_WHAT THE EXERCISE ASKS_. Print out each entry below exactly; do not carry over any image.

_DATA FOR THIS EXERCISE_.
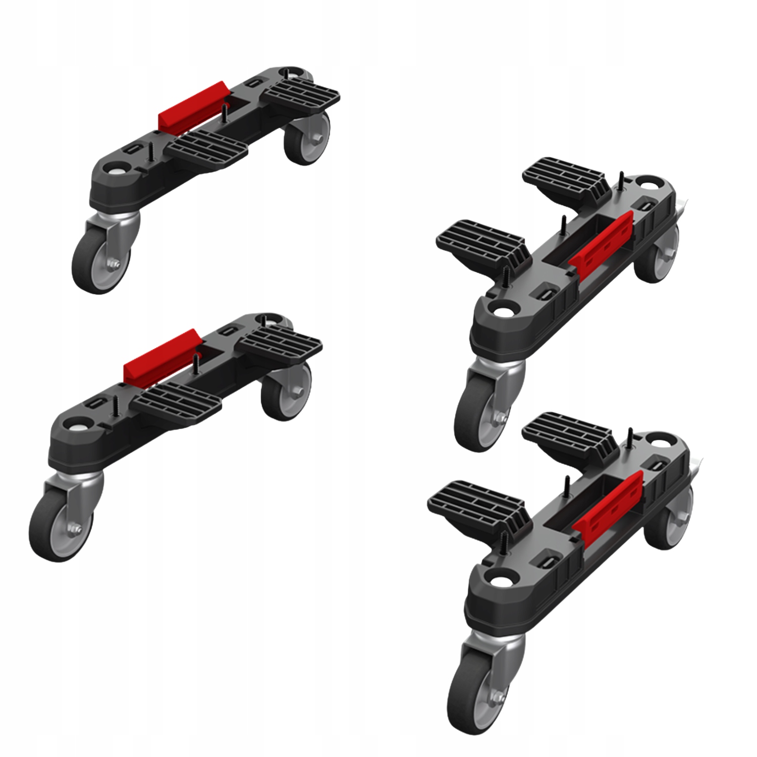 Каждый адаптер оснащен двумя прочными поворотными колесами. Два из них имеют тормоз, позволяющий ящику устойчиво стоять в выбранном месте, а два других обеспечивают плавность и легкость маневрирования.
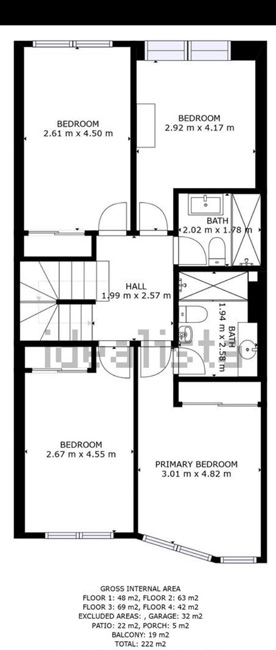 1º planta: amplio hall, 4 dormitorios grandes con armarios empotrados, Amplios ventanales, de origen son cuatro dormitorios dobles, dos baños (el dormitorio Principal con armario empotrado, y amplio baño).
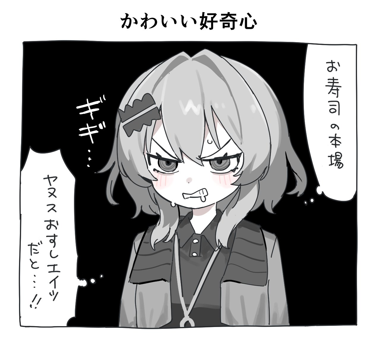 1girl angry blush collared_dress dress drooling glaring greyscale grimace hair_ornament ikonu_(lavender_quartz) jacket jewelry kunoichi_kazuhito_(kuno_kazu) lavender_quartz lavender_quartz:_kyoukai_hyoudou looking_at_viewer medium_hair monochrome mouth_drool necklace open_clothes open_jacket ringed_eyes simple_background solo spot_color sweat translation_request upper_body v-shaped_eyebrows
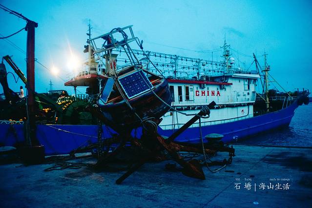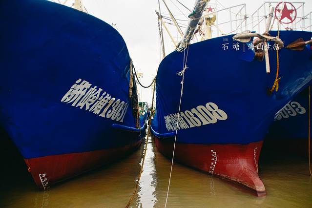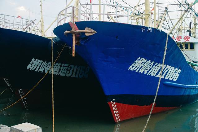 这个时候是 石塘 的休渔期,以至于很多吨位级的大船此时都像卸甲而归的将士,稳稳的停在港湾处,等待下一次出征。
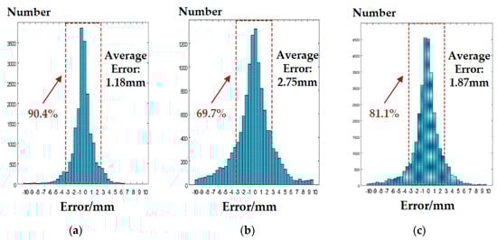 Curvature radius estimating results: (a) estimating the error distribution of the convex sphere curvature radius; (b) estimating the error distribution of the convex cylinder curvature radius; (c) estimating error distribution of the curvature radius with unknown surface types.
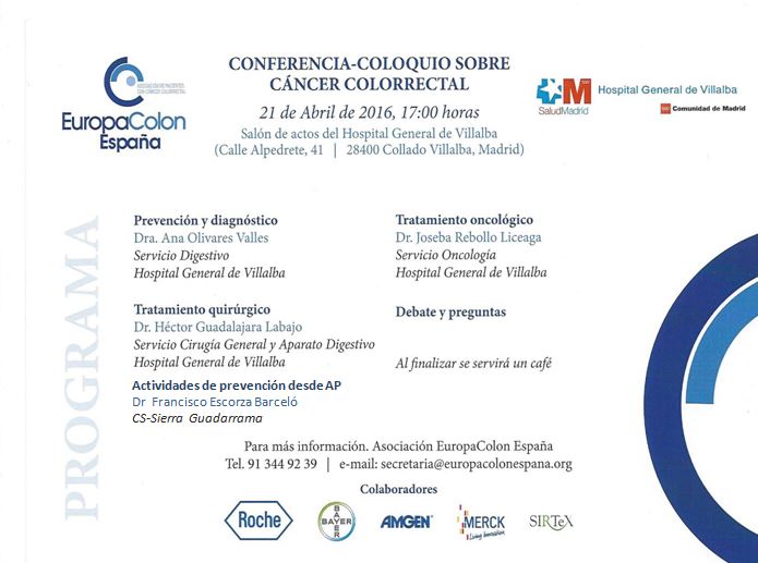 - Conferencia: Sobre el Cáncer Colorrectal, en colaboración con la asociación EuropaColon España
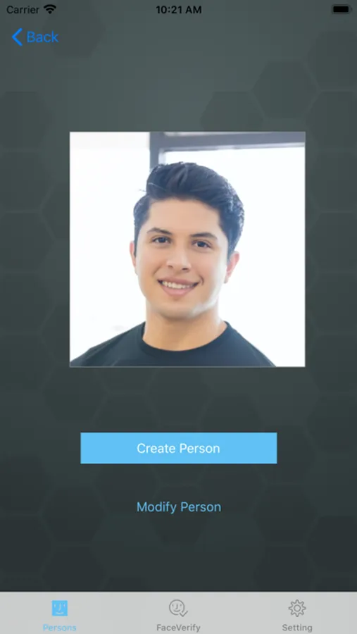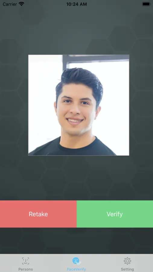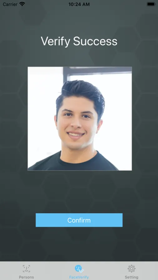 airaFace APP 提供 臉部驗證功能,使用者可以先拍照後,透過人臉辨識伺服器進行1:N臉部驗證,驗證成功就會顯示 姓名和員工編號。
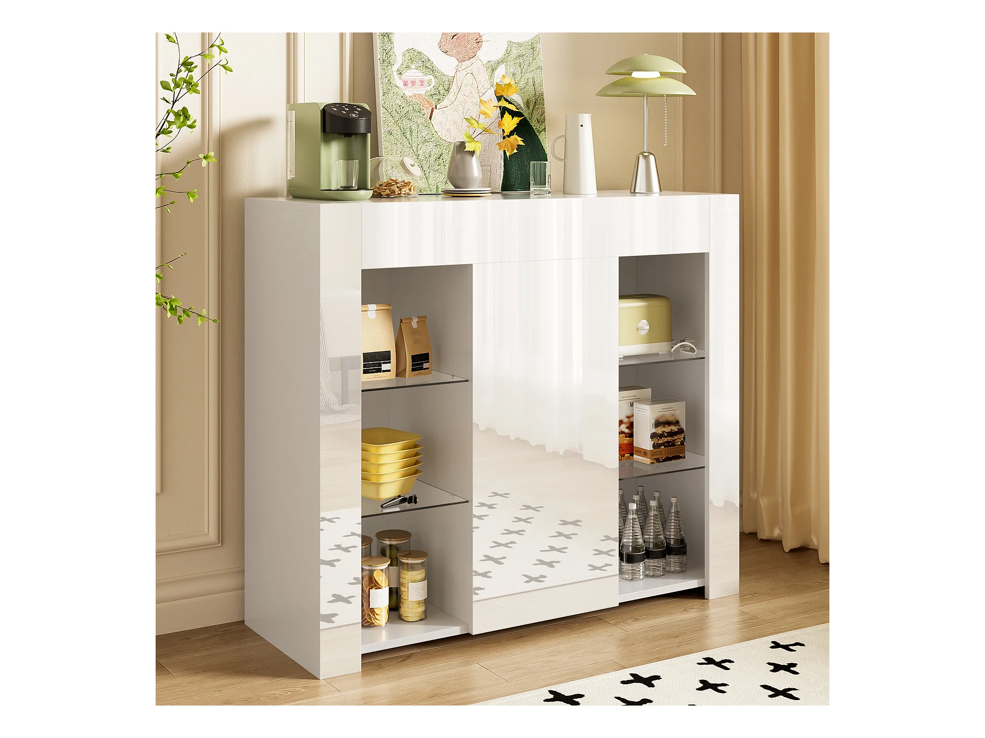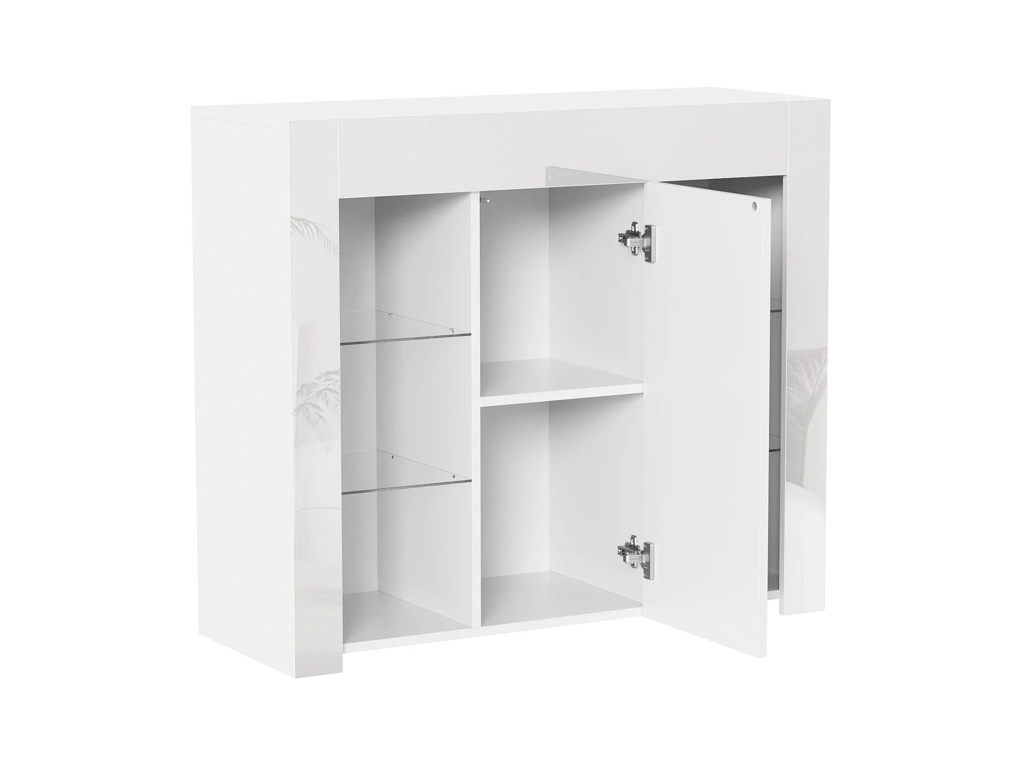 Buffet 95x35x83 cm - finition brillante - 1 porte - avec étagères en verre - panneaux de particules - blanc
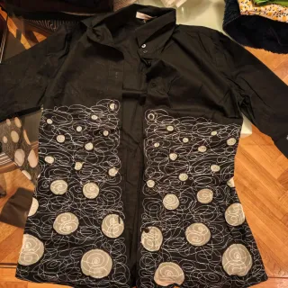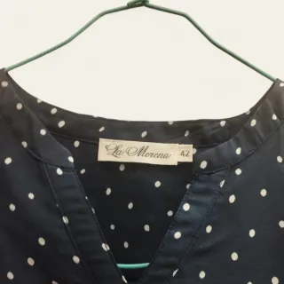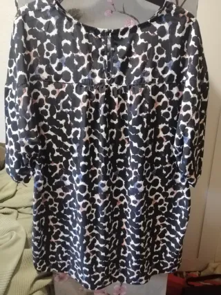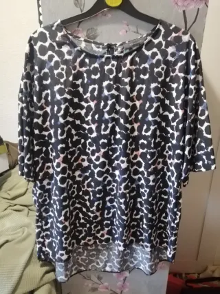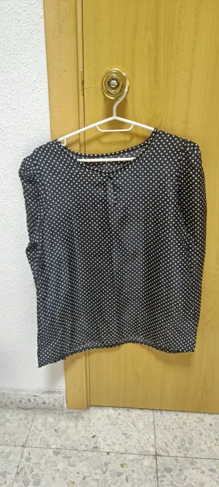 Camisa/blusa oversize azul marino con lunares blancos. Muy cómoda y fácil de combinar. De muy buena calidad, comprada en tienda local. El tejido es tipo gasa. Está nueva, nunca se llegó a estrenar. Talla 42 / XL, pero se puede usar para más tallas si quieres que sea más oversize. Medidas: Sisa a sisa: 50 cm Largo: 70 cm Envíos en el mismo día.
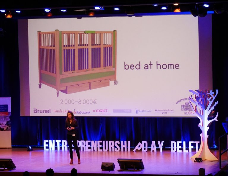 Lotte Leufkens, CloudCuddleThe symposium was kicked off by Lotte Leufkens, co-founder of the start-up Cloud Cuddle. Leufkens was studying mechanical engineering at TU Delft when she met the father of a severely disabled child. His child could not sleep in normal beds because of his epilepsy, so Lotte vowed to design a bed that was safe and portable, to give parents of severely disabled children more freedom. The ball started rolling, and now Cloud Cuddle is a successful start-up, the product is officially on the market and Lotte won the TEDx Women Startup Award. Her message to the audience is that if you have a good idea that you believe in, you can do it, even if you are a student with little money. And she realised something else: investors do not primarily invest in the idea itself, but they invest in you! If you can show them you have the determination and the belief in your idea, you are a long way there.
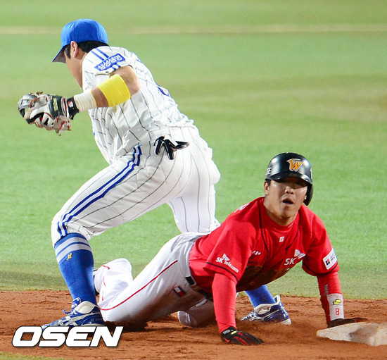 24일 오후 대구구장에서 열린 '2012 팔도 프로야구' 삼성 라이온즈와 SK 와이번스 한국시리즈 1차전 경기 4회초 1사 1루 최정의 타석, 1루주자 정근우의 도루 상황, 포수 이지영의 실책에 공이 빠지고 있다. 정근우는 3루까지 진루.

_RESULT FOR THIS TASK_.
 Каждый адаптер оснащен двумя прочными поворотными колесами. Два из них имеют тормоз, позволяющий ящику устойчиво стоять в выбранном месте, а два других обеспечивают плавность и легкость маневрирования.
 1º planta: amplio hall, 4 dormitorios grandes con armarios empotrados, Amplios ventanales, de origen son cuatro dormitorios dobles, dos baños (el dormitorio Principal con armario empotrado, y amplio baño).
 1girl angry blush collared_dress dress drooling glaring greyscale grimace hair_ornament ikonu_(lavender_quartz) jacket jewelry kunoichi_kazuhito_(kuno_kazu) lavender_quartz lavender_quartz:_kyoukai_hyoudou looking_at_viewer medium_hair monochrome mouth_drool necklace open_clothes open_jacket ringed_eyes simple_background solo spot_color sweat translation_request upper_body v-shaped_eyebrows
 这个时候是 石塘 的休渔期,以至于很多吨位级的大船此时都像卸甲而归的将士,稳稳的停在港湾处,等待下一次出征。
 Curvature radius estimating results: (a) estimating the error distribution of the convex sphere curvature radius; (b) estimating the error distribution of the convex cylinder curvature radius; (c) estimating error distribution of the curvature radius with unknown surface types.
 - Conferencia: Sobre el Cáncer Colorrectal, en colaboración con la asociación EuropaColon España
 airaFace APP 提供 臉部驗證功能,使用者可以先拍照後,透過人臉辨識伺服器進行1:N臉部驗證,驗證成功就會顯示 姓名和員工編號。
 Buffet 95x35x83 cm - finition brillante - 1 porte - avec étagères en verre - panneaux de particules - blanc
 Camisa/blusa oversize azul marino con lunares blancos. Muy cómoda y fácil de combinar. De muy buena calidad, comprada en tienda local. El tejido es tipo gasa. Está nueva, nunca se llegó a estrenar. Talla 42 / XL, pero se puede usar para más tallas si quieres que sea más oversize. Medidas: Sisa a sisa: 50 cm Largo: 70 cm Envíos en el mismo día.
 Lotte Leufkens, CloudCuddleThe symposium was kicked off by Lotte Leufkens, co-founder of the start-up Cloud Cuddle. Leufkens was studying mechanical engineering at TU Delft when she met the father of a severely disabled child. His child could not sleep in normal beds because of his epilepsy, so Lotte vowed to design a bed that was safe and portable, to give parents of severely disabled children more freedom. The ball started rolling, and now Cloud Cuddle is a successful start-up, the product is officially on the market and Lotte won the TEDx Women Startup Award. Her message to the audience is that if you have a good idea that you believe in, you can do it, even if you are a student with little money. And she realised something else: investors do not primarily invest in the idea itself, but they invest in you! If you can show them you have the determination and the belief in your idea, you are a long way there.
 24일 오후 대구구장에서 열린 '2012 팔도 프로야구' 삼성 라이온즈와 SK 와이번스 한국시리즈 1차전 경기 4회초 1사 1루 최정의 타석, 1루주자 정근우의 도루 상황, 포수 이지영의 실책에 공이 빠지고 있다. 정근우는 3루까지 진루.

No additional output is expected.